Records for processing
____________
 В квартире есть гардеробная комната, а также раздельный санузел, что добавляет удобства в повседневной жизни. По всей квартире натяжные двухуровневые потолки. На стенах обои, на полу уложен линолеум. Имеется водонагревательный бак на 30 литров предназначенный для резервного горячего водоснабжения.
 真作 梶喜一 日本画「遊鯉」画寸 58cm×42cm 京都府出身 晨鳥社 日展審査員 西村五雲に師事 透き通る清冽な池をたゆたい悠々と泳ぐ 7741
____________
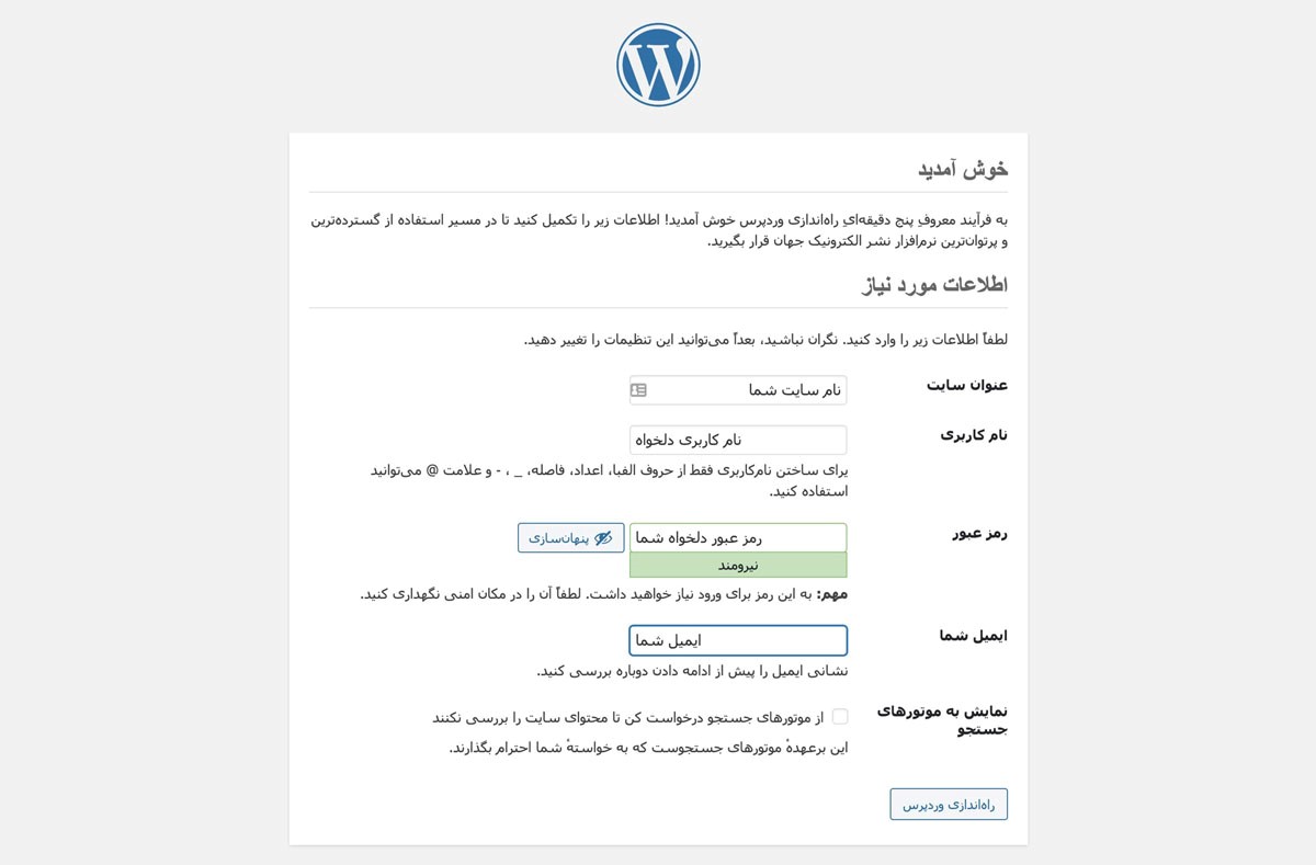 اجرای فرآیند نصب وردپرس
____________
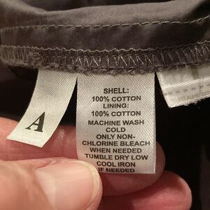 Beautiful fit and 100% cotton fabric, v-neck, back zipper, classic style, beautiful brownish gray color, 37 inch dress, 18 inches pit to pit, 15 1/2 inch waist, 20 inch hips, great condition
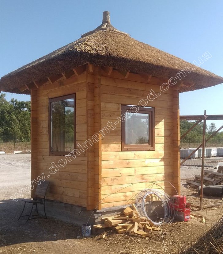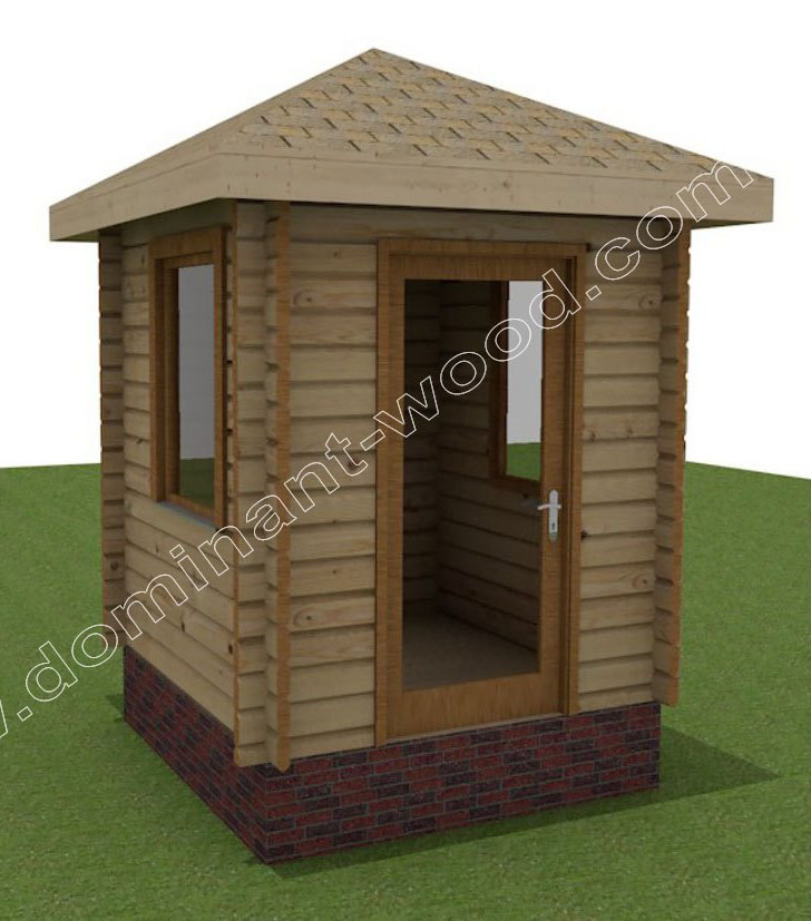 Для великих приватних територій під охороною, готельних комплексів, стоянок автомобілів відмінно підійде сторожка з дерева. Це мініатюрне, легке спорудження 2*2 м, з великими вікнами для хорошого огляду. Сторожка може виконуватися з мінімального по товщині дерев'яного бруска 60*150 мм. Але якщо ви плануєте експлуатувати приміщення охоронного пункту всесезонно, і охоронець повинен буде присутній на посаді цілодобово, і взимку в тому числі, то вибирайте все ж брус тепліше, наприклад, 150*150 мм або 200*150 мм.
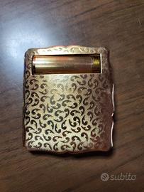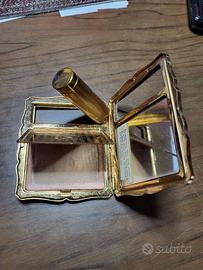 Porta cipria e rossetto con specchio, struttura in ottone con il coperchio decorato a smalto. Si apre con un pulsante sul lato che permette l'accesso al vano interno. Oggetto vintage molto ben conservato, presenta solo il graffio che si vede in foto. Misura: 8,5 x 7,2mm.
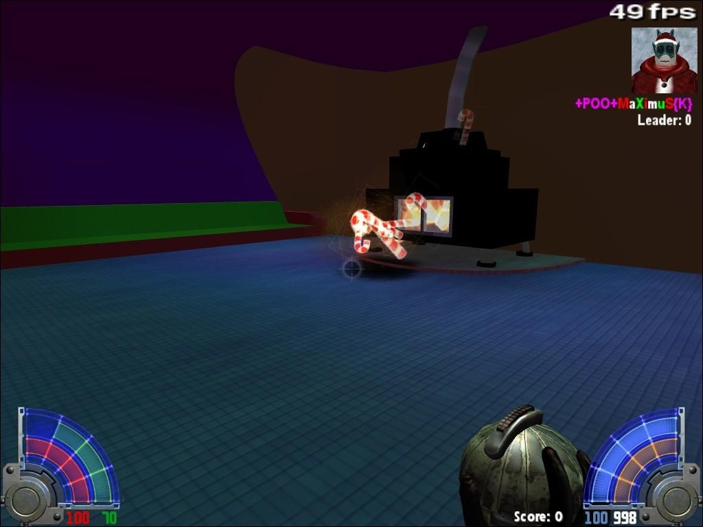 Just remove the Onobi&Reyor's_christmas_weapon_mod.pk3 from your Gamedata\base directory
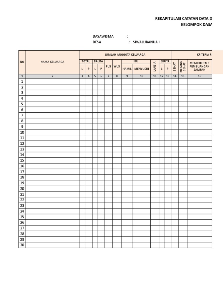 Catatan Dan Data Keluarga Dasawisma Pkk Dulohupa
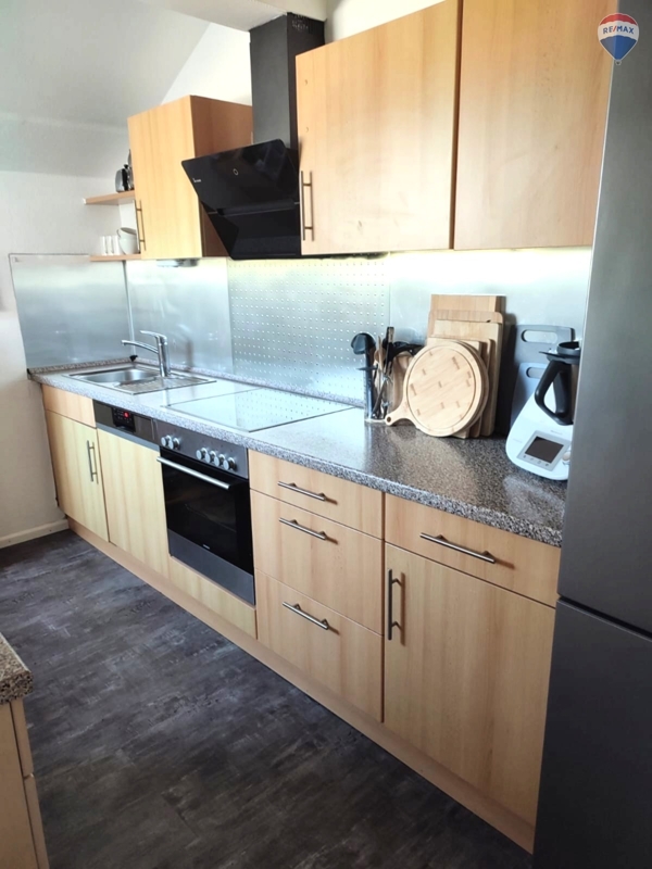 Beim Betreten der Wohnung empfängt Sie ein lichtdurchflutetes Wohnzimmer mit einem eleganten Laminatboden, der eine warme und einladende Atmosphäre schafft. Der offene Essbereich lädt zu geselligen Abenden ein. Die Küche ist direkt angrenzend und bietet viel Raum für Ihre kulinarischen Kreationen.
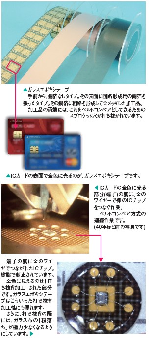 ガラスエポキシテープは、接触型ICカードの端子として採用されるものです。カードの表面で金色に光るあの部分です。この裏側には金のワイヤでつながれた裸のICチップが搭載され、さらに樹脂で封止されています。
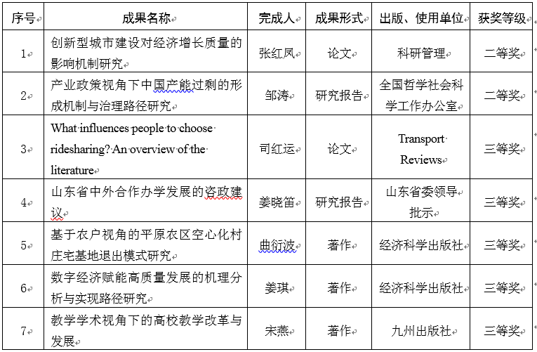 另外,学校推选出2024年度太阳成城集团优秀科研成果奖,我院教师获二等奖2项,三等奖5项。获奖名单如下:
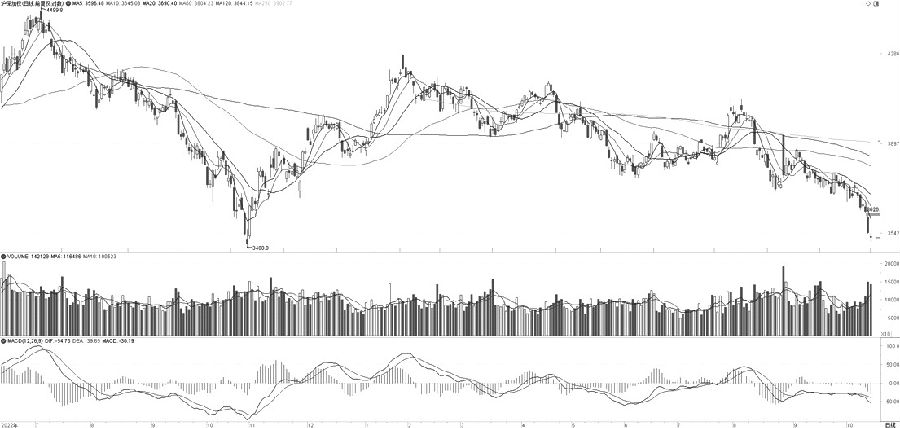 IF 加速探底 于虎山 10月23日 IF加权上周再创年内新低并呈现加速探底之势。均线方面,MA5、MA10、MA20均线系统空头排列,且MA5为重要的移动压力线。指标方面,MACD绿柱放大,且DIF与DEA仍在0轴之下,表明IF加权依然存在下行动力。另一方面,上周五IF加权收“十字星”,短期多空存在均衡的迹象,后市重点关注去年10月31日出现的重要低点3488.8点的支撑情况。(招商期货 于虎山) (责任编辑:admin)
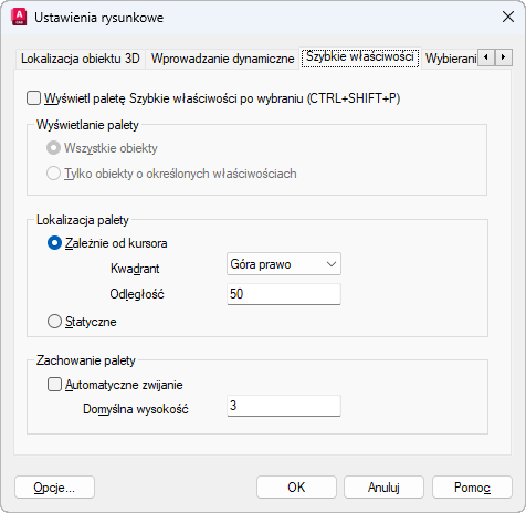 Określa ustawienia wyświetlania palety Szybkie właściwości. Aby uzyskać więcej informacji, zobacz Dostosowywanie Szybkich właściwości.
____________
Exercise instructions
Excerpt from the records above: set down only the lines from the one that contains "ガラスエポキシテープは、接触" through the one that contains "Określa ustawienia wyświetlania", inclusive, word for word. Pictures stay out.

Result
 ガラスエポキシテープは、接触型ICカードの端子として採用されるものです。カードの表面で金色に光るあの部分です。この裏側には金のワイヤでつながれた裸のICチップが搭載され、さらに樹脂で封止されています。
 另外,学校推选出2024年度太阳成城集团优秀科研成果奖,我院教师获二等奖2项,三等奖5项。获奖名单如下:
 IF 加速探底 于虎山 10月23日 IF加权上周再创年内新低并呈现加速探底之势。均线方面,MA5、MA10、MA20均线系统空头排列,且MA5为重要的移动压力线。指标方面,MACD绿柱放大,且DIF与DEA仍在0轴之下,表明IF加权依然存在下行动力。另一方面,上周五IF加权收“十字星”,短期多空存在均衡的迹象,后市重点关注去年10月31日出现的重要低点3488.8点的支撑情况。(招商期货 于虎山) (责任编辑:admin)
 Określa ustawienia wyświetlania palety Szybkie właściwości. Aby uzyskać więcej informacji, zobacz Dostosowywanie Szybkich właściwości.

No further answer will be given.